- [WHAT IS BEING ASKED]:
The pictures are to be left out when the listing below is reproduced word for word.

- [DATA EXTRACT]:
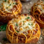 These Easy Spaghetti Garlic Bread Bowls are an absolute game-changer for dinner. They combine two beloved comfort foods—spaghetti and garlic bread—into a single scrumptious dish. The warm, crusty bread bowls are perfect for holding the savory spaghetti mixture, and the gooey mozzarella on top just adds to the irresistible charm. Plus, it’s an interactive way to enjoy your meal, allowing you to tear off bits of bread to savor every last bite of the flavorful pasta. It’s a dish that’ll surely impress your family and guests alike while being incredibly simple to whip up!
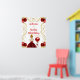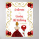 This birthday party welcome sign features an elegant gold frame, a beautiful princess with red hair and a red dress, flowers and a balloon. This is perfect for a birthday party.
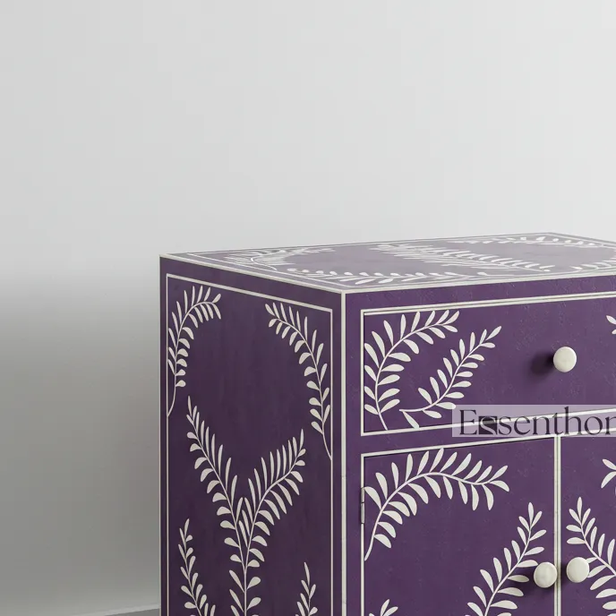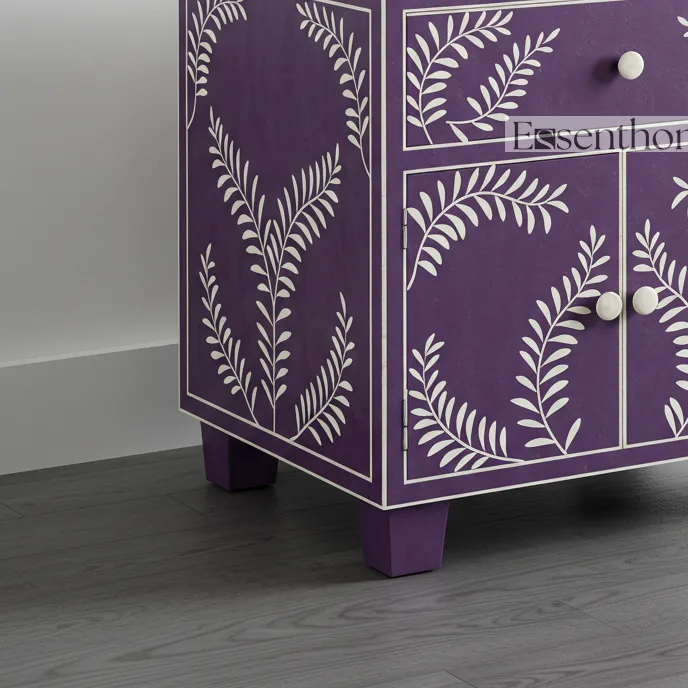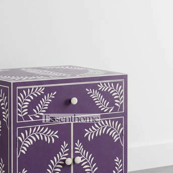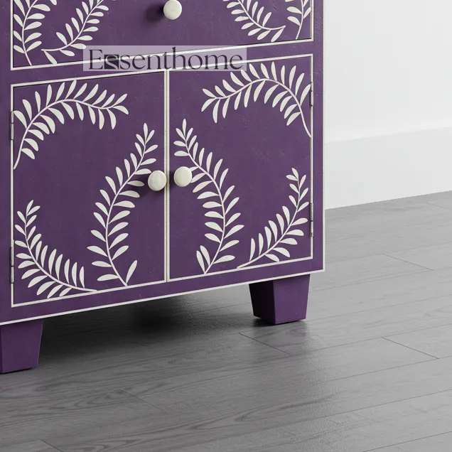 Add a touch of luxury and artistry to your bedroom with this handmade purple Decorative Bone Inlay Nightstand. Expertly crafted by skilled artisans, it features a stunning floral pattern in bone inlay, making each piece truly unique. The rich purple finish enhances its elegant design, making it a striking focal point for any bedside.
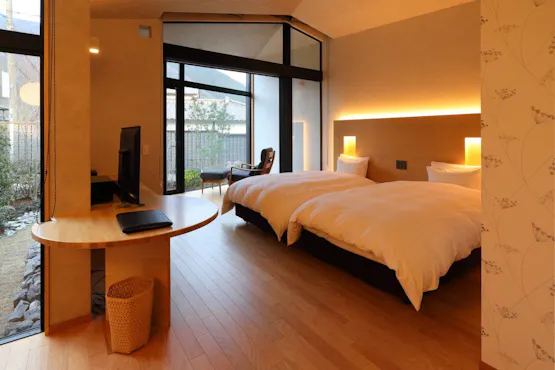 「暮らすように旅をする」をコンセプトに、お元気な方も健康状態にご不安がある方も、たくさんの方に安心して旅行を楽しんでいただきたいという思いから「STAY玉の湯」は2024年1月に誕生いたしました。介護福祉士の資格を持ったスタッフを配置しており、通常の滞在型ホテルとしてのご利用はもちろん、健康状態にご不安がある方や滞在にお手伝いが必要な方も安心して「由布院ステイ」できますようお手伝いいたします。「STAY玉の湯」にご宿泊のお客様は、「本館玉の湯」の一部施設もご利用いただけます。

- [EXERCISE SOLUTION]:
 These Easy Spaghetti Garlic Bread Bowls are an absolute game-changer for dinner. They combine two beloved comfort foods—spaghetti and garlic bread—into a single scrumptious dish. The warm, crusty bread bowls are perfect for holding the savory spaghetti mixture, and the gooey mozzarella on top just adds to the irresistible charm. Plus, it’s an interactive way to enjoy your meal, allowing you to tear off bits of bread to savor every last bite of the flavorful pasta. It’s a dish that’ll surely impress your family and guests alike while being incredibly simple to whip up!
 This birthday party welcome sign features an elegant gold frame, a beautiful princess with red hair and a red dress, flowers and a balloon. This is perfect for a birthday party.
 Add a touch of luxury and artistry to your bedroom with this handmade purple Decorative Bone Inlay Nightstand. Expertly crafted by skilled artisans, it features a stunning floral pattern in bone inlay, making each piece truly unique. The rich purple finish enhances its elegant design, making it a striking focal point for any bedside.
 「暮らすように旅をする」をコンセプトに、お元気な方も健康状態にご不安がある方も、たくさんの方に安心して旅行を楽しんでいただきたいという思いから「STAY玉の湯」は2024年1月に誕生いたしました。介護福祉士の資格を持ったスタッフを配置しており、通常の滞在型ホテルとしてのご利用はもちろん、健康状態にご不安がある方や滞在にお手伝いが必要な方も安心して「由布院ステイ」できますようお手伝いいたします。「STAY玉の湯」にご宿泊のお客様は、「本館玉の湯」の一部施設もご利用いただけます。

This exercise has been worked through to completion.